Cada imagen restaurada tiene su historia y Rosso las relata de memoria, como la crónica del Santo Cristo de Bronce, pieza en la que trabajó hace años y que se alza en la colonial hacienda Mondragón, a 35 kilómetros de Potosí. “Allí vivía una bella mujer española que se enamoró con un hombre mujeriego. Al descubrirlo, se vengó haciendo que el hombre bebiera hasta quedar inconsciente. Luego lo amarró a una cruz. Todas las mañanas tenía cuidado de hacerle comer lo necesario como para que no se muera de hambre y, después, le pinchaba el cuerpo con un alfiler de bronce”.

“El hombre murió a las pocas semanas y con el tiempo su cuerpo se transformó en lo que hoy se conoce como el Santo Cristo de Bronce”. La narración de Rosso estremece, pero es secundada por varias crónicas que aparecen en internet sobre el Santo Cristo de Bronce. En la página Potosi.com.bo, por ejemplo, se señala que la protagonista de la historia fue Magdalena Téllez, quien habría sido ejecutada por su crimen en Potosí en el año 1700.

Un oficio con vocación y corazón

Rosso encara cada restauración con mucho respeto, tanto a la imagen en sí misma como a las manos que le dieron vida. Es así que el artesano potosino utiliza los mismos materiales usados en la Colonia para la elaboración de las figuras religiosas. No es extraño, entonces, observarlo bajando del Cerro Rico cargado de la tierra que luego transformará en distintos tipos de arcilla y colorantes. Tampoco es raro observar en las madrugadas un halo de luz escapar del taller de Rosso.

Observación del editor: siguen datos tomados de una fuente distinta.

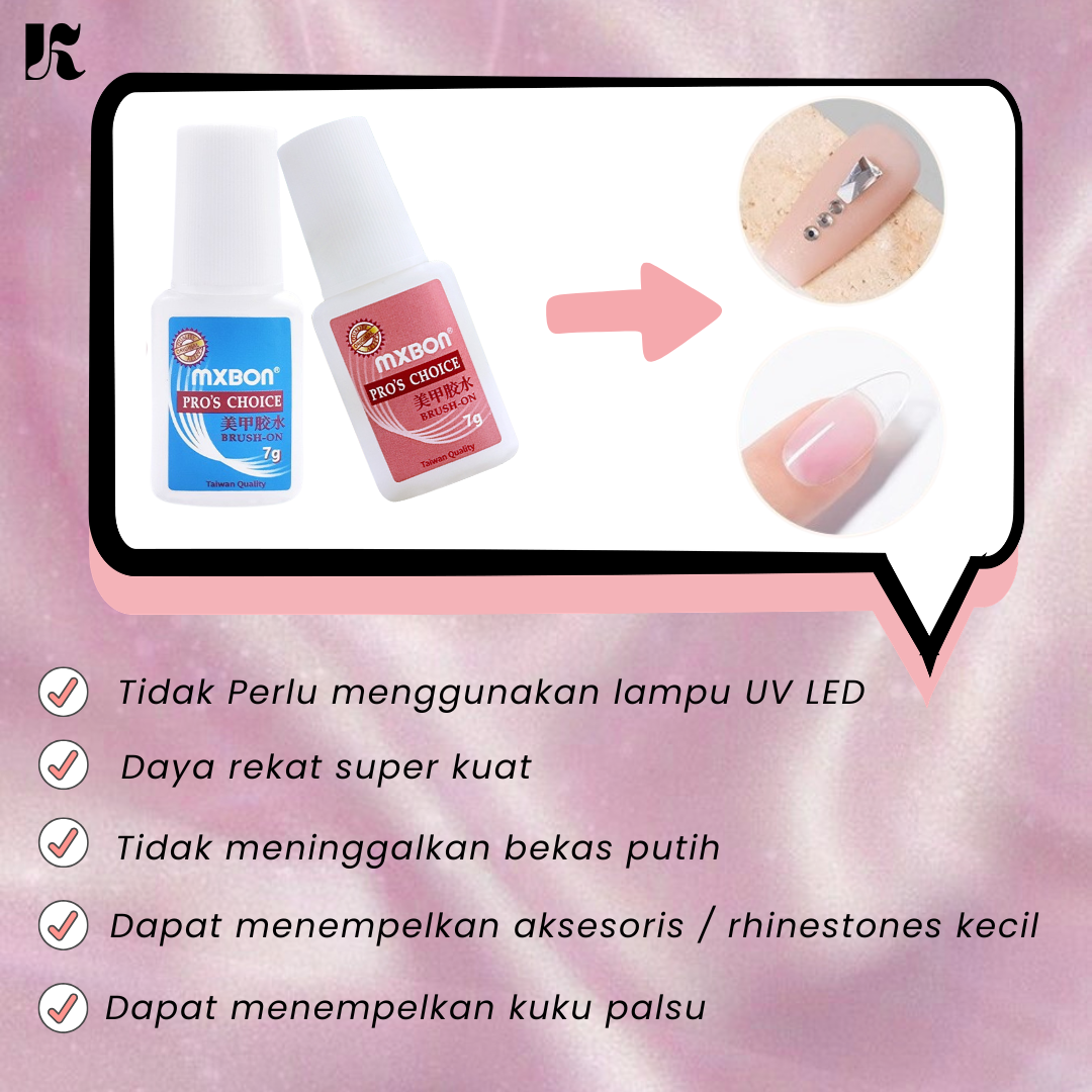 Lem untuk merekatkan kuku palsu ke kuku asli. Mengeringkannya tanpa UV LED. Bisa juga digunakan untuk lem aksesoris.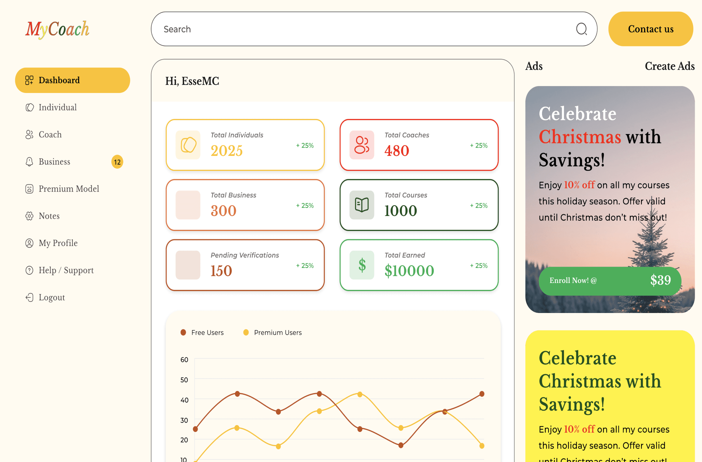 Businesses and admins access dashboards that provide visibility into learners, coaches, sessions, and overall activity, enabling scale without manual tracking.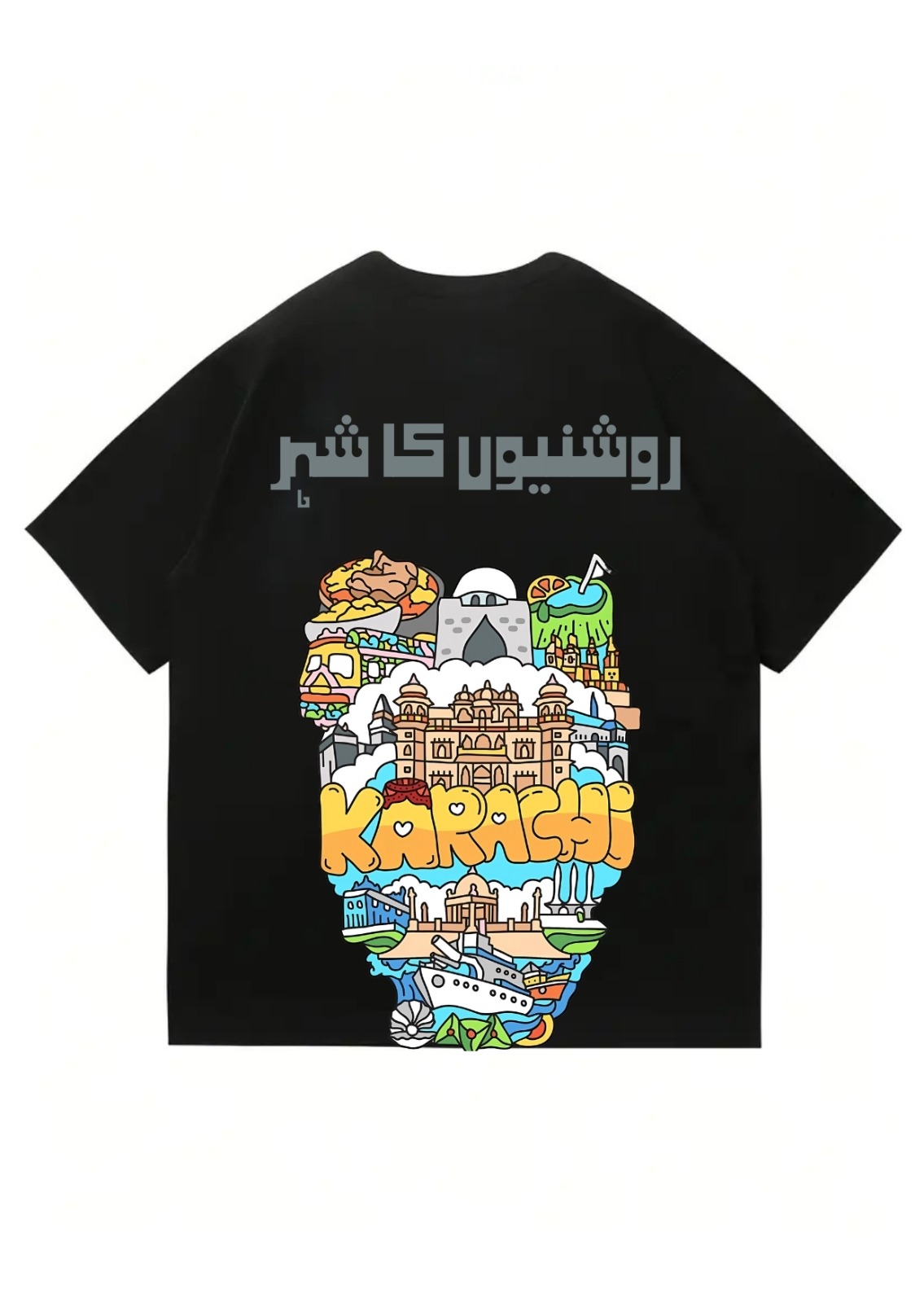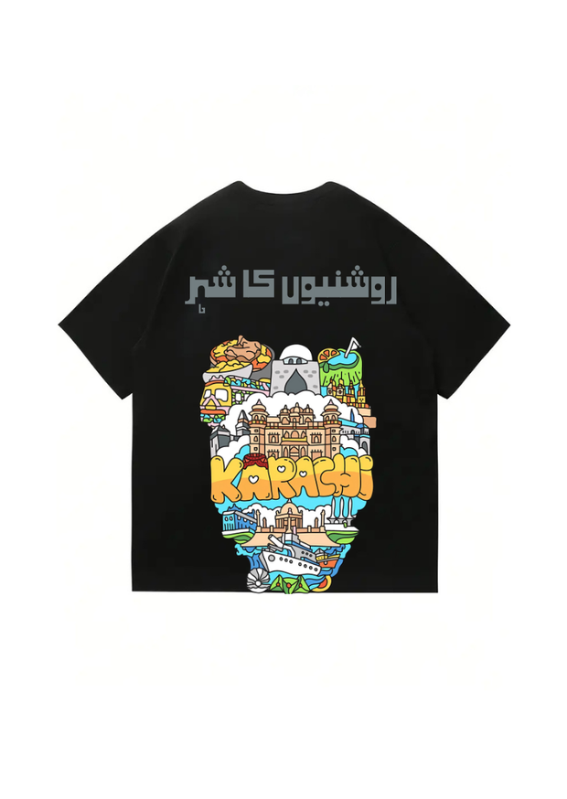 Celebrate the vibrant soul of Karachi with City of Lights — a bold graphic tee featuring iconic landmarks, street food, and coastal vibes. The colorful illustration captures the city’s heritage and hustle in one dynamic design.

“Este oficio requiere de vocación. Para mí no se trata de una figura más, es la imagen que representa a Cristo y lo menos que esto exige es una dedicación plena”, asegura, para luego volver a su delicado trabajo: sanar las heridas que el tiempo causó en las piernas de un Cristo crucificado que data del comienzo del siglo XVIII.